I also want ephemeral containers so I could open a tab that forgets its cookies when I'm done. Think private browsing but without forgetting my history, requiring a new window, or being limited to one context at a time.
I prototyped this feature last year as an intern at Mozilla. I think the engineering done for containers can be exposed in a lot of cool ways to the user. I'd love for you to send in your ideas on the comment form [1]. One of the features we considered last summer was "site specific containers" [2], which would support your facebook example.
Did you try the "Self destructing cookies"[1] extension for Firefox? It is close to your "forgets cookies" requirement. IIRC it has per domain settings and allows you to configure the cookies to self destruct after closing the tab, the browser or never.
Exactly, I also want to have private browsing but with persistent history. I'm using Self-Destructing Cookies [1] for that; you can also white-list some domains there for eg. keep me logged in. But would love to have the container as you describe for that.
I really feel like the entire session model of the web needs reworking from the ground up. I honestly want most of the websites I use to act more like apps, with a dedicated space for that site and not spread out across N tabs or windows. And also containerized exactly like this describes.
There are some browser extensions that to do this, but they're pretty clunky overall.
Firefox's clumsy profile support is the one thing that makes me keep switching back to chrome. I really prefer firefox sync to chrome's implementation, and some of firefox's tab organization tools are way better than chrome's. But I use many of the same webapps in my personal life as I do in my work life, and being able to run two profiles simultaneously, and start them up without having to launch firefox from the terminal every time, was difficult.

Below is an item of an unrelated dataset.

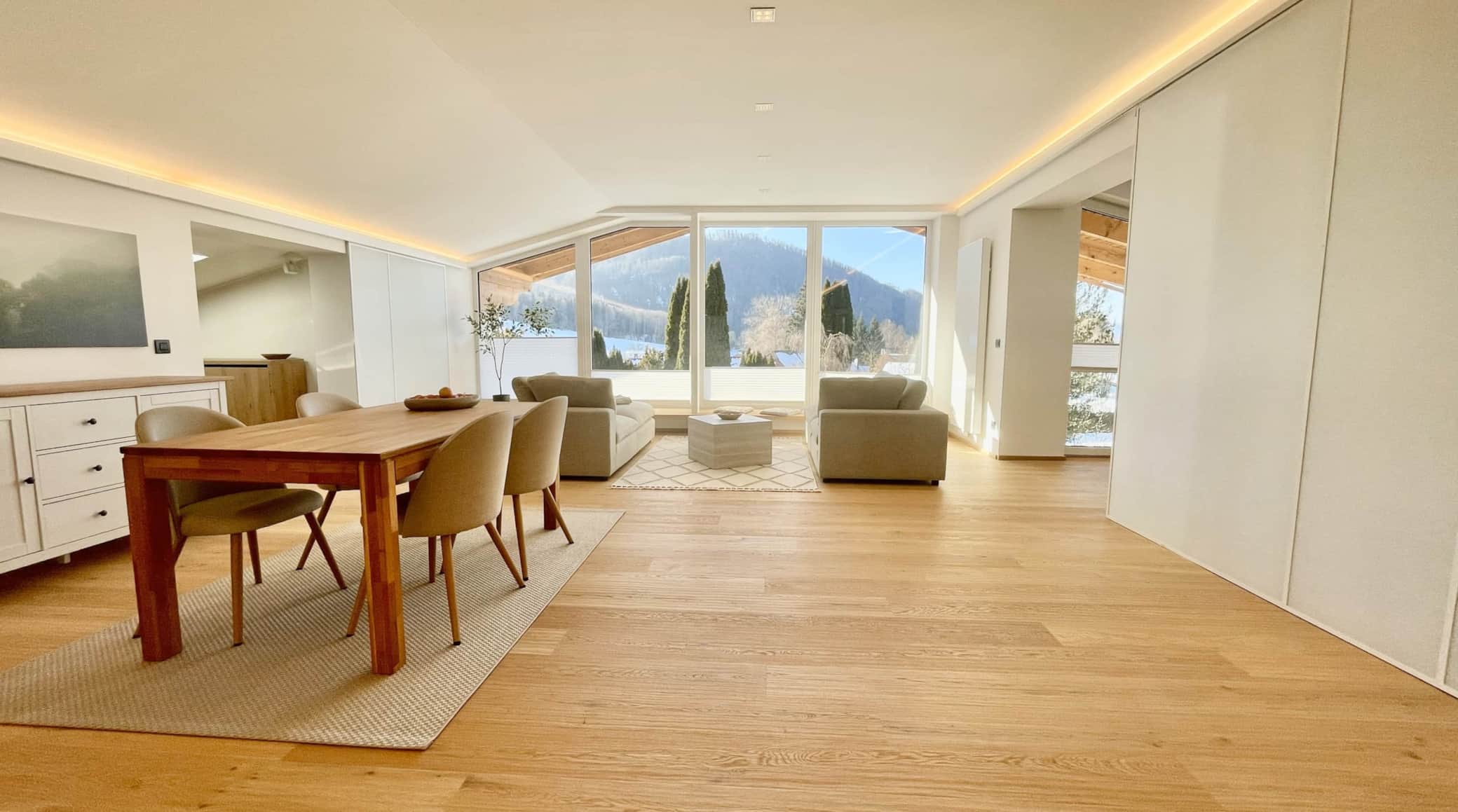 Ihrem stilvollen Rückzugsort im Herzen des Salzkammerguts. In ruhiger Lage von Bad Ischl verbindet unser modernes Loft zeitloses Design mit alpinem Charme und viel natürlichem Licht. Große Fensterflächen eröffnen einen traumhaften Blick auf die umliegende Berglandschaft und schaffen eine helle, entspannte Atmosphäre zum Ankommen und Durchatmen.

What they've implemented seems to be better than chrome's profiles, in that it's easier to create a new profile for a specific context (so I don't have to sort things into a "work" bucket and a "personal" bucket.) It will be interesting to see how the contexts interact with plugins.
I agree that Firefox profile management is not user-friendly at all. I have an advice for you though, you don't need to open Firefox from a terminal if you want to be able to choose your profile at start-up.
«all» you have to do is go to ~/.mozilla/firefox/profile.ini and change it with:
```
[General]
StartWithLastProfile=0
```
Now Firefox will open a dialogue box at start-up asking you for the profile you want to use.
Doesn't it also just genuinely feel more sluggish to you? Just installed Nightly to test this feature out, and then took another minute to use the developer tools to do some debugging, and the whole experience felt less smooth. Maybe only microseconds of a difference in <my action> and the <browser's response>, but noticeable nonetheless.
I don't mean to tell people how they should and shouldn't use the web, but if you disagree with Facebook's off-platform data-collection practices, consider sending them a message about it and closing your account. They have no reason to change their policies unless we give them concrete evidence that it will hurt their business.
How is this even legal? By clicking to that site, i'm agreeing to allow FB to do whatever ONCE. How do I get out of the agreement if I find it doesn't suit me?
This is like saying, "By agreeing to take this person on a date one time, you're agreeing to take this person with you wherever you go from now until whenever."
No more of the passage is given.